Dataset content »

_____

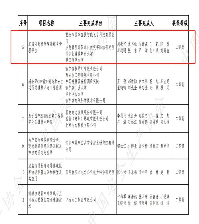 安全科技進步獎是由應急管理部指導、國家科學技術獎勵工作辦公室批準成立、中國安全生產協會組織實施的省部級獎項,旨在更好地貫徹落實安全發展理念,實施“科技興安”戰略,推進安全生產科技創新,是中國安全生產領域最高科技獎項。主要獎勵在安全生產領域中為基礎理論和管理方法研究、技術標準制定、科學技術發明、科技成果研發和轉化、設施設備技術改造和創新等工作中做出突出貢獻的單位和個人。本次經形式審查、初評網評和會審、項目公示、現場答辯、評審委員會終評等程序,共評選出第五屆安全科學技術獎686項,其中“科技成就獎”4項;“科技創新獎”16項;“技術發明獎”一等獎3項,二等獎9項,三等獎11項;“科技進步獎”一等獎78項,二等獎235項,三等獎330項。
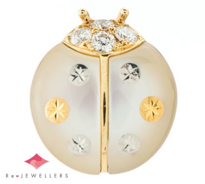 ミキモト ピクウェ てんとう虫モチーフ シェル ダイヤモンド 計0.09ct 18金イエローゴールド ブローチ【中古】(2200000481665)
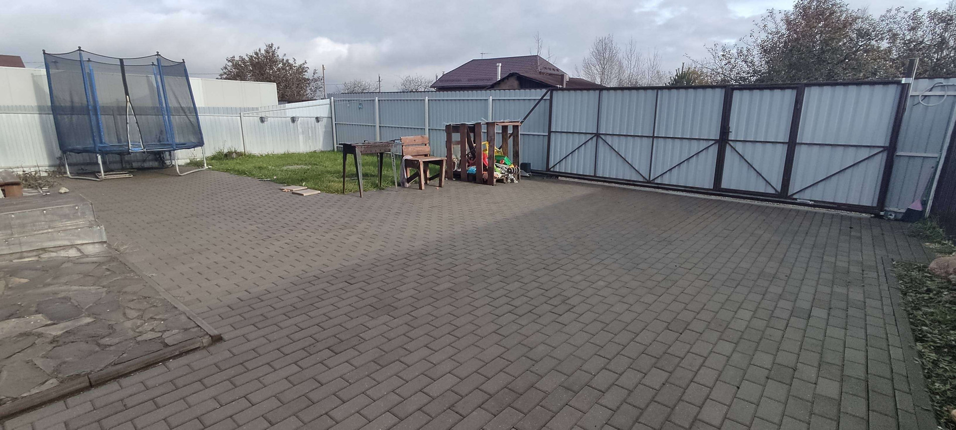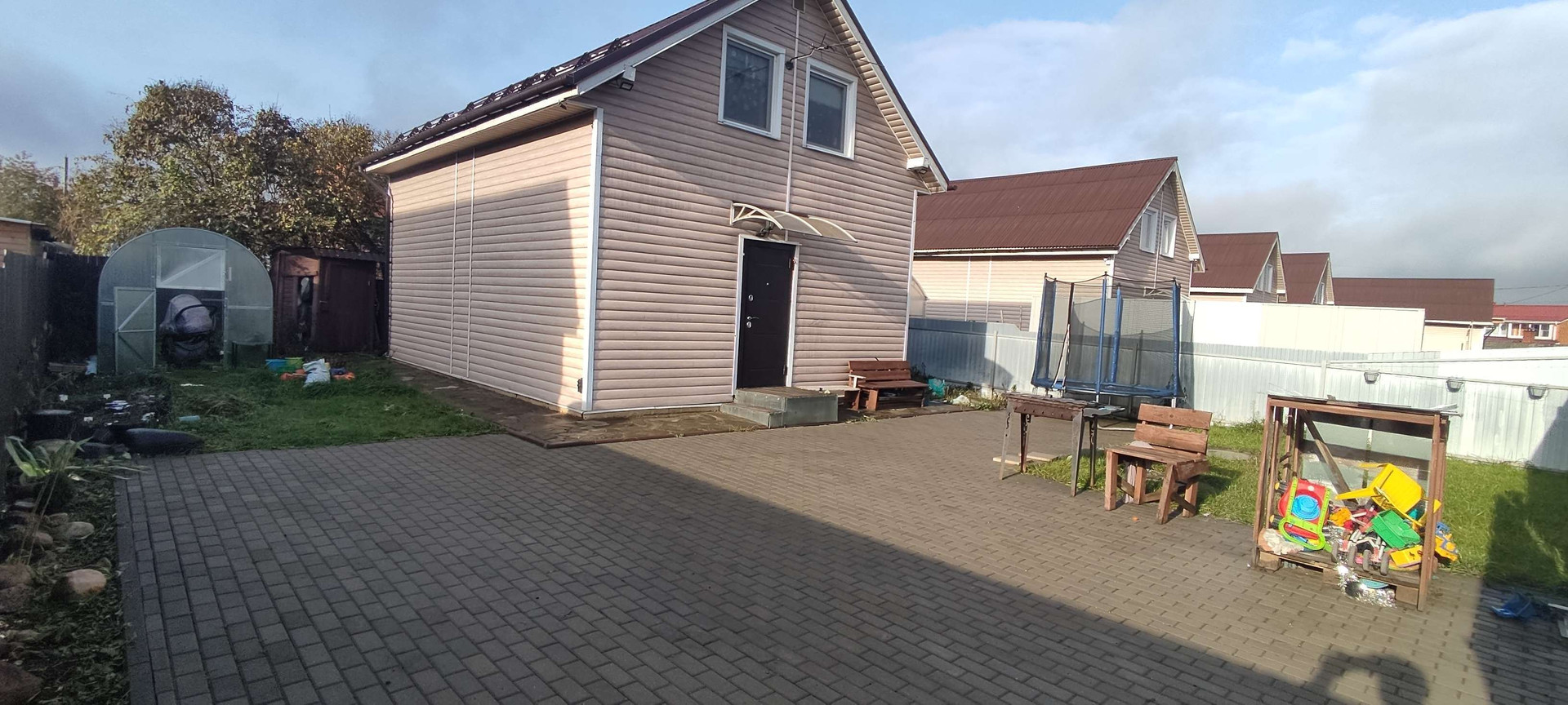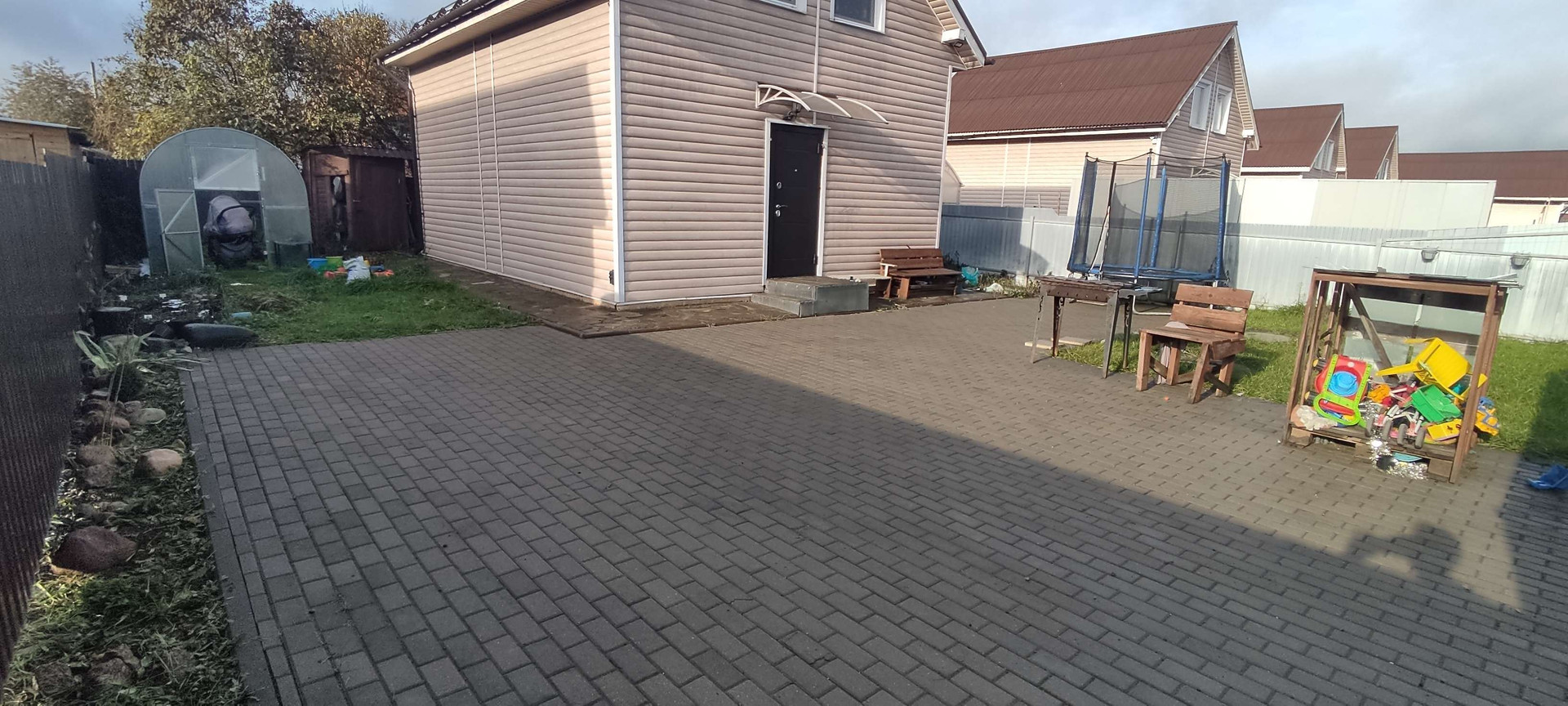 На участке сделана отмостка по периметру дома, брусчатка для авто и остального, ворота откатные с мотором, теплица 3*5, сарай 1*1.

_____

Activity » From the line containing "ミキモト ピクウェ てんとう虫モチーフ" down to the last line of the data, print every line exactly and nothing else. Pictures stay out of the copy.

Answer for the task »
 ミキモト ピクウェ てんとう虫モチーフ シェル ダイヤモンド 計0.09ct 18金イエローゴールド ブローチ【中古】(2200000481665)
 На участке сделана отмостка по периметру дома, брусчатка для авто и остального, ворота откатные с мотором, теплица 3*5, сарай 1*1.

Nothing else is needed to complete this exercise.